AVAILABLE DATA:
*** Block opens ***
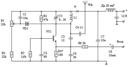 При нормальной работе задающего генератора схема потребляет ток порядка 25 — 30 мА (точка А). Во избежание паразитной модуляции схему лучше питать от стабилизированного источника. Конструкция антенны жесткая (штырь, телескопическая антенна от радиоприемника), плата передатчика помещена в экранирующий корпус. На месте VT1 хорошо работает КТ608Б.
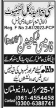 City Paramedical Institute CPI Pharmacy Technician Category B admissions 2023 has been started. City Paramedical Institute CPI Multan Punjab Pakistan welcomes students to apply for admissions in academic year 2023 in Management University. Students for admissions in P.G Diploma and Course can apply for online or campus classes as per Private institute criteria till admission closing date January 27, 2024. Read newspaper ad for exact details.
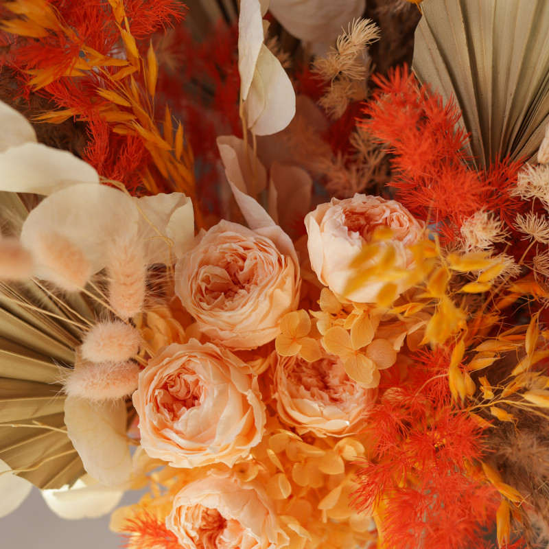 арт. 6112Пудрово-оранжевая настольная композиция, которая притягивает взгляд теплом и фактурой. Пышные пионовидные розы, яркая гортензия и деликатный микс сухоцветов создают атмосферу уюта и мягкой элегантности. Гранёная дизайнерская ваза добавляет ощущение продуманного стиля и завершённости.
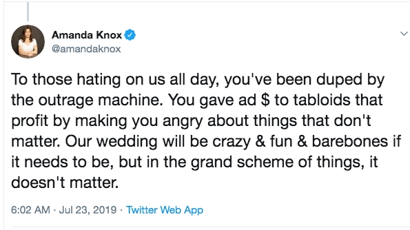 “I have a lot of haters in this world but I have a lot of family friends and supporters as well. I wanted to share with them this fun, creative idea.” Knox insists there was a mix-up; the narrative twisted by the press and that they were simply asking their family and friends to donate to the cost of the wedding in lieu of buying them presents.
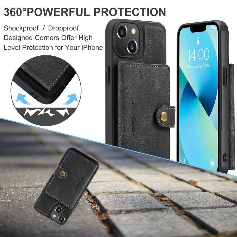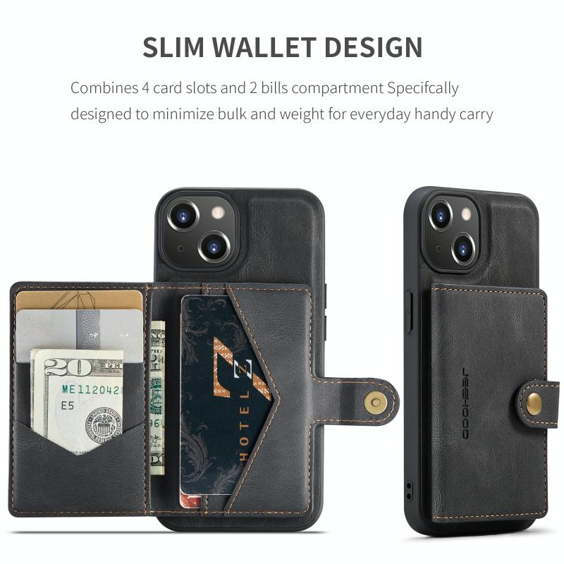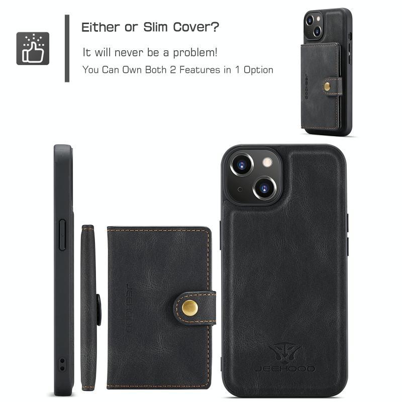 For iPhone 15 JEEHOOD Retro Magnetic Detachable Leather Phone Case(Black) (JEEHOOD)
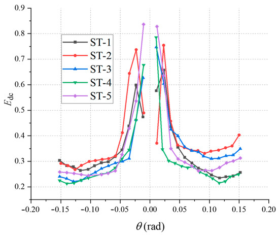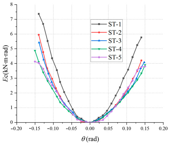 The energy dissipation capacity of the HHTMJ is indicated by the envelope area of the hysteresis curve, and the cumulative energy dissipation (Ec) for the experiment’s mortise-tenon joint is obtained by summing the hysteresis curve’s area [43]. The results for the cumulative energy dissipation coefficient of the HHTMJ are depicted in Figure 17 through the calculation of the envelope area of the hysteresis curve. Examination of the figure reveals that, during the pre-loading period, the cumulative energy dissipation of each specimen increases gradually, with the cumulative energy dissipation values for positive and negative loading being essentially symmetrical. With an increase in loading displacement, joint energy dissipation accelerates, reaching its maximum value when loading leads to specimen destruction. In comparison to specimen ST-1, specimens ST-2, ST-3, ST-4, and ST-5 exhibit a decrease in cumulative energy dissipation by 21.6%, 27.4%, 33.2%, and 41.3%, respectively. The occurrence of decay has a more significant impact on the cumulative energy performance degradation of the HHTMJ, while the increase in the degree of decay has a comparatively smaller effect on the cumulative energy performance degradation of the HHTMJ.
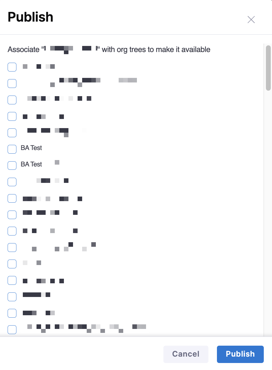 When you click Publish, you are prompted to associate the dashboard with one or more configured Org Trees. You can select multiple Org Trees, then click Publish to confirm. This association controls how the dashboard is scoped and viewed across teams, rather than granting direct access permissions.
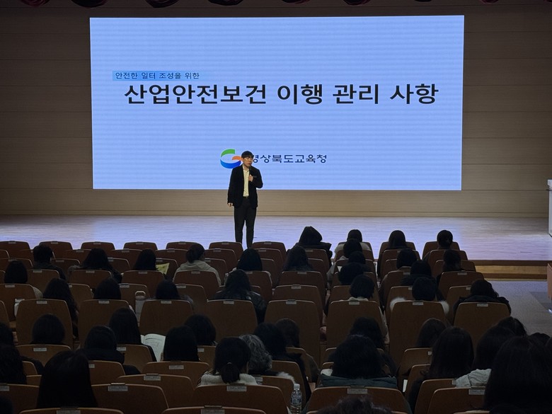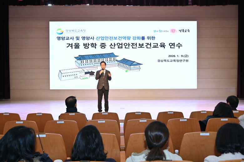 [경북 세계타임즈=한윤석 기자] 경북교육청(교육감 임종식)은 9일 안동시에 있는 경상북도교육청연구원에서 도내 모든 공.사립 학교에 근무하는 영양교사와 영양사 250명을 대상으로 ‘겨울 방학 중 영양교사 및 영양사 산업안전보건교육 연수’를 개최했다고 밝혔다.
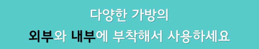 가방이 바뀌어도 '싹~' 떼서 '착~' 부착하면 됩니다. 가방 외부에 부착할 곳이 없거나, 분실 위험이 있는 경우에는 가방 내부에 부착하여 사용해 보세요. 다양한 라이프 스타일에 맞춰 사용 가능합니다.
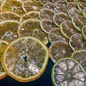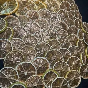 Dehydrated orange and lime wheels, dusted in 100% edible gold powder✨
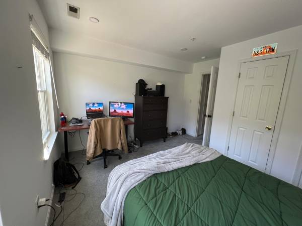 The home has a very large, updated kitchen with access to the backyard, recess lighting throughout, all brand-new windows, blinds, carpet and high-speed wireless Internet/cable access. The house also has dedicated parking spots in the back (additional fees apply). No room sharing, no pets, and no smoking inside the house. Flexible to do in-person or virtual shows. Rooms come furnished and have large deep wall to wall closets with two windows overlooking the tree-lined street or the backyard.
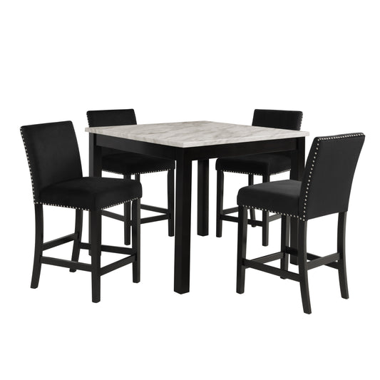 Cobre Contemporary Faux Marble Counter Height Dining Table with 4 Velvet Nailhead Trim Stools, Black
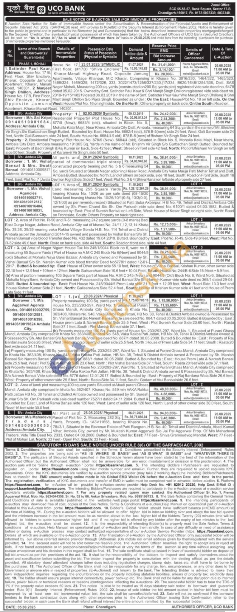Property: 1. Residential Property/ Plot House 877/5 (New), 6683/4 (old), situated in Block, No. 5 Mohalla Kalal Majri, Near Khera, Ambala City Distt. Ambala, measuring 64 Sq. yards in the name of Mr. Bhishm Vir Singh S/o Gurbachan Singh Butted. Bounded by: East: House No. 6682/4 (old), 876 B-5(new) side 24 feet, West: Gali Sareaam side 24 feet, North: Gali Sareaam, side 24 feet, South: House No. 6684/4 9 old), 878 B-5 (new) of Bisham Vir Singh Side 24 feet. Property: 2. Residential Property/ Plot House No. 878/5 (New), 6684/4 (old), Situated in Block No. 5, Moholla Kalal Majri, Near khera, Ambala City Distt. Ambala measuring 191365 Sq. Yards in the name of Mr. Bhishm Vir Singh S/o Gurbachan Singh Butted. Bounded by: East: Property of Badri Singh &Raj Kumar on back, Side 42 feet, West: Street on front side 42 feet, North: Plot of Bhisham Vir Singh on left side 50 feet, South: Property of Karamvir Vir Singh, side 50 feet.
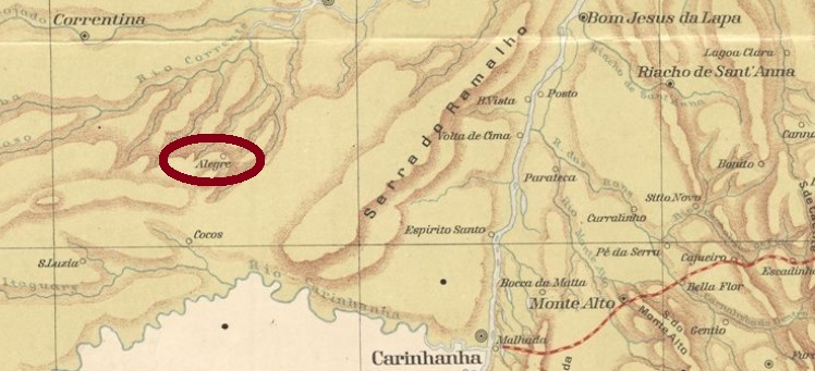 This locality was an Arraial (settlement) in the municipality of Carinhanha, situated more than 900 km west of the provincial capital Salvador da Bahia. In August 1923, it rose to a Villa called do Rio Alegre, but eight years later it was downgraded to the district of Santa Maria da Vitória. In 1938, the new name Coribe was added, and since August 1958 Coribe has been a municipality. The name is said to mean Merry River (Rio Alegre) in the Tupi-Guarani language.
*** Block closes ***
Exactly the lines starting at the one above with "Dehydrated orange and" and ending at the one with "Cobre Contemporary Faux" should be printed, and nothing else. Omit the pictures.

SOLUTION:
 Dehydrated orange and lime wheels, dusted in 100% edible gold powder✨
 The home has a very large, updated kitchen with access to the backyard, recess lighting throughout, all brand-new windows, blinds, carpet and high-speed wireless Internet/cable access. The house also has dedicated parking spots in the back (additional fees apply). No room sharing, no pets, and no smoking inside the house. Flexible to do in-person or virtual shows. Rooms come furnished and have large deep wall to wall closets with two windows overlooking the tree-lined street or the backyard.
 Cobre Contemporary Faux Marble Counter Height Dining Table with 4 Velvet Nailhead Trim Stools, Black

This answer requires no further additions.